Una carcajada murió en mi garganta ante la broma del detective, pero pronto la tristeza se sobrepuso a ese fugaz instante de felicidad. Sentí que todo el llanto acumulado venía sobre mí como un río al que hubiera estado conteniendo una presa y que, de golpe, ya no hubiera muro que le frenara. Me incliné hacia delante ante las intensas emociones que se apoderaron de mi cuerpo y me tapé la boca con una mano temblorosa mientras sentía los sollozos sacudirme tan fuerte que temí que me rompieran a su paso.

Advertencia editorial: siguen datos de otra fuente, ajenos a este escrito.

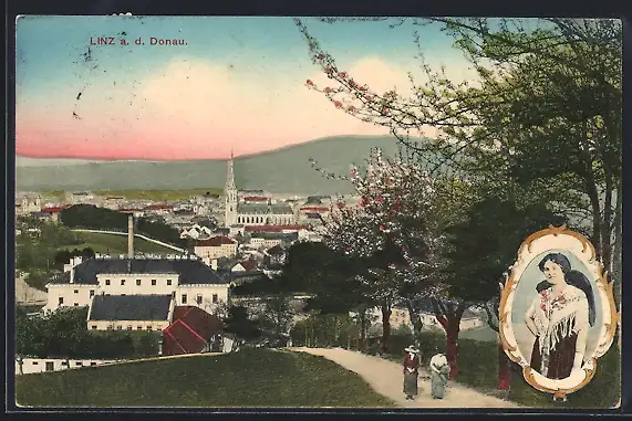 AK Linz a. d. Donau, Teilansicht mit Kirche, Frau in Tracht
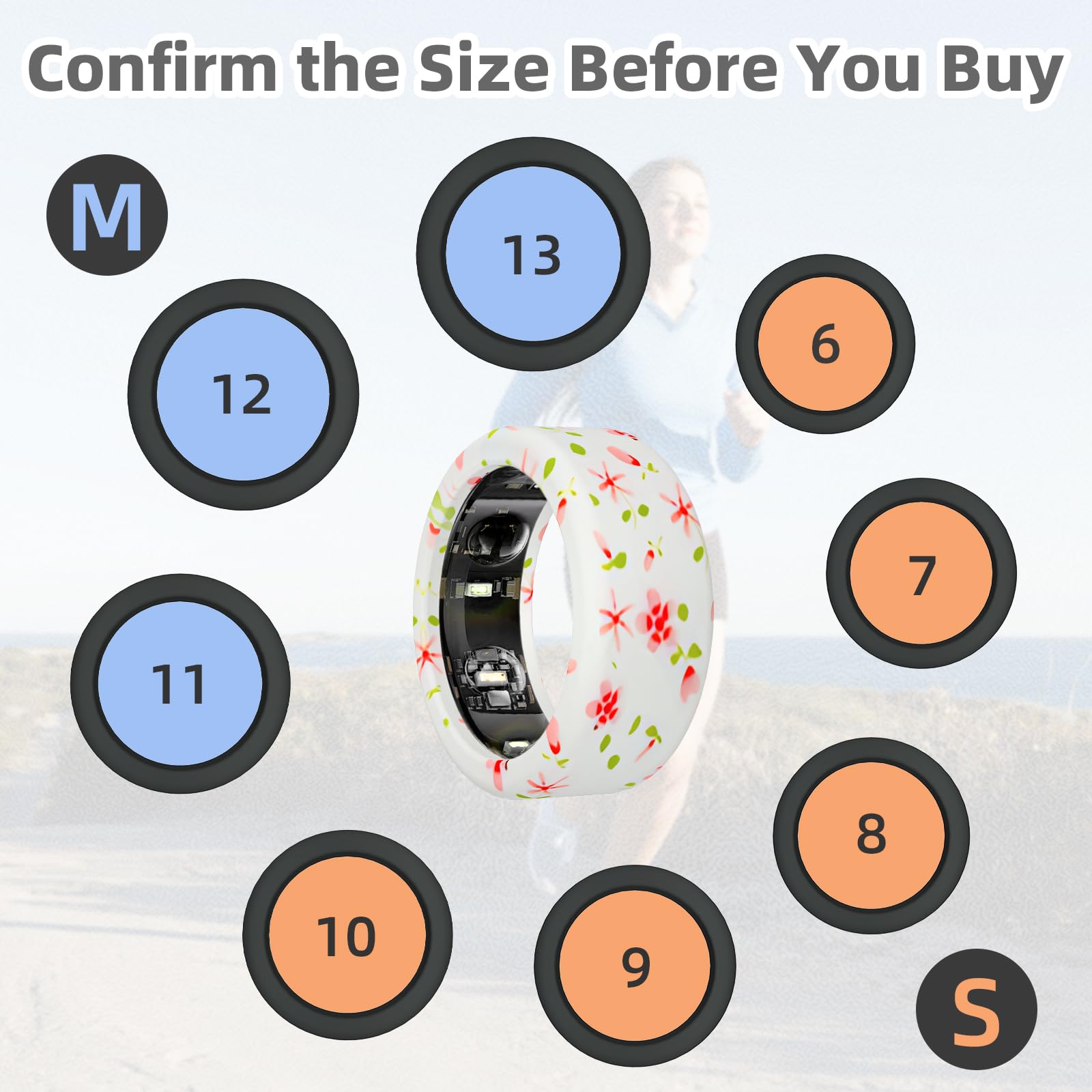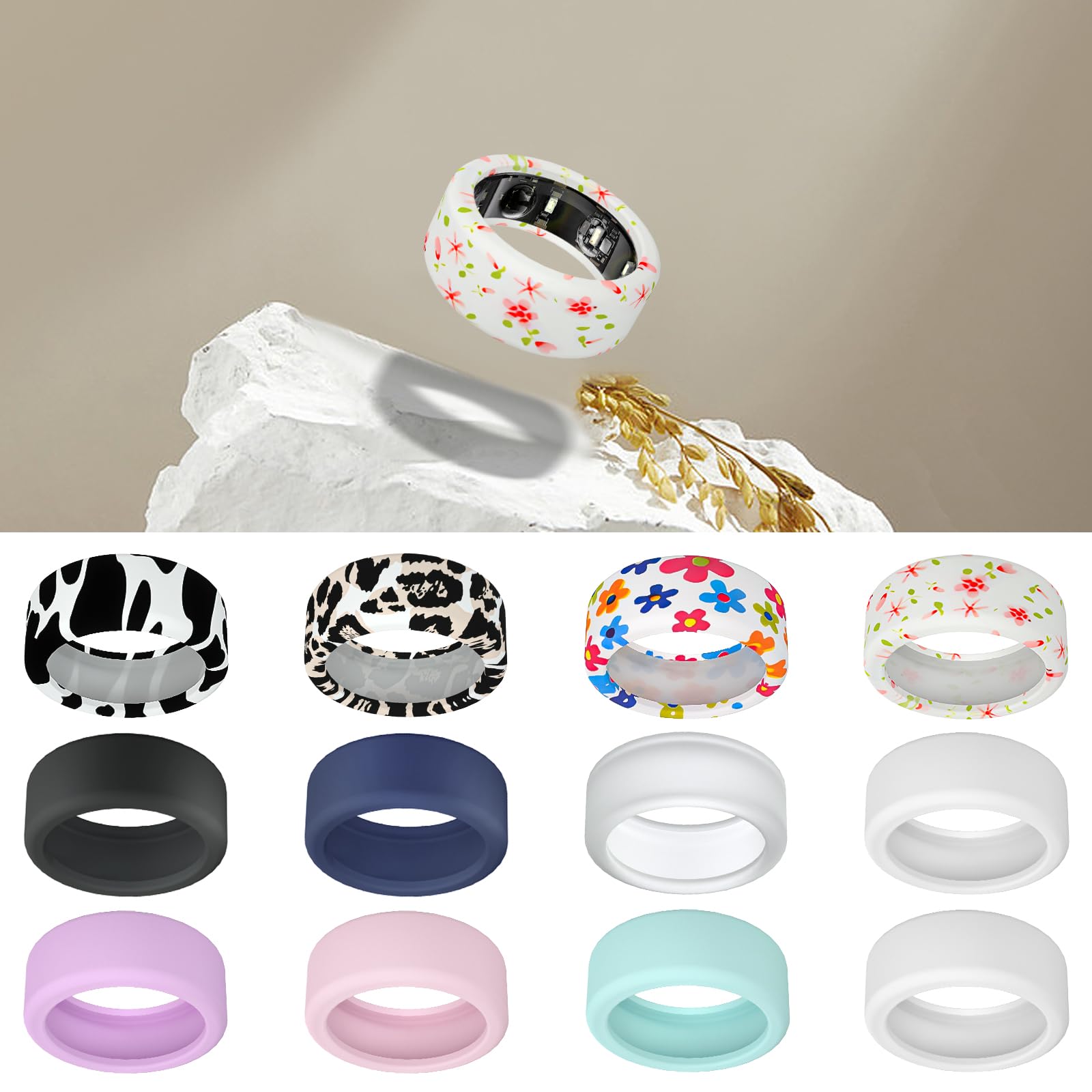 Wawoday Silicone Ring Protector Compatible with Oura Ring, Elastic Ring Cover for Oura Ring Gen 3 for Working Out (Floral/Small, M (11/12/13))

Giré sobre los tacones y dejé que mi espalda resbalara por el borde de madera de la encimera hasta que quedé sentada en el suelo. Con las piernas dobladas apretadas contra el pecho como si así pudiera suavizar el dolor que sentía, ahogué los sollozos pero no los contuve. Era imposible. Una fuerza superior a mí se había hecho con el control de mi cuerpo y yo solo podía quedarme allí sentada, relativamente quieta, y esperar a que pasara lo más fuerte.
Me llegó todo a la vez, la depresión y la aceptación. En medio de las lágrimas, abrí los ojos y comprobé que la imagen de la postal que había quedado grabada en mi retina. Mientras el agua del río chocaba contra las paredes de mi pecho con más fuerza aún, abracé mis rodillas y hundí la cabeza en mis brazos con la desoladora certeza de que eso era todo.
Se había ido para siempre.
Ser consciente de eso suavizó un poco la intensidad de las emociones que recorrían mi cuerpo de arriba abajo, las hizo soportables. Estuve ahí sentada hasta que mis doloridos ojos dejaron caer las últimas dos lágrimas, hasta que fui capaz de dejar de temblar y los sollozos no me sacudieron.
Entonces, me levanté con dificultad, los tacones tiempo atrás olvidados junto a mí, y acaricié la postal que había dejado caer sobre el resto de las cartas.
- Yo también te echaré de menos – susurré al aire.
Con paso cansado, me arrastré hasta mi habitación y me tiré en la cama sin desvestirme ni desmaquillarme. Simplemente, dejé que mis pesados párpados se cerraran y me sumí en un tranquilo sueño donde el sol brillaba con fuerza y Barry se reía mientras sacudía una mano para decirme adiós. Dejando que una enorme sonrisa se extendiera por mi rostro, correspondí su gesto.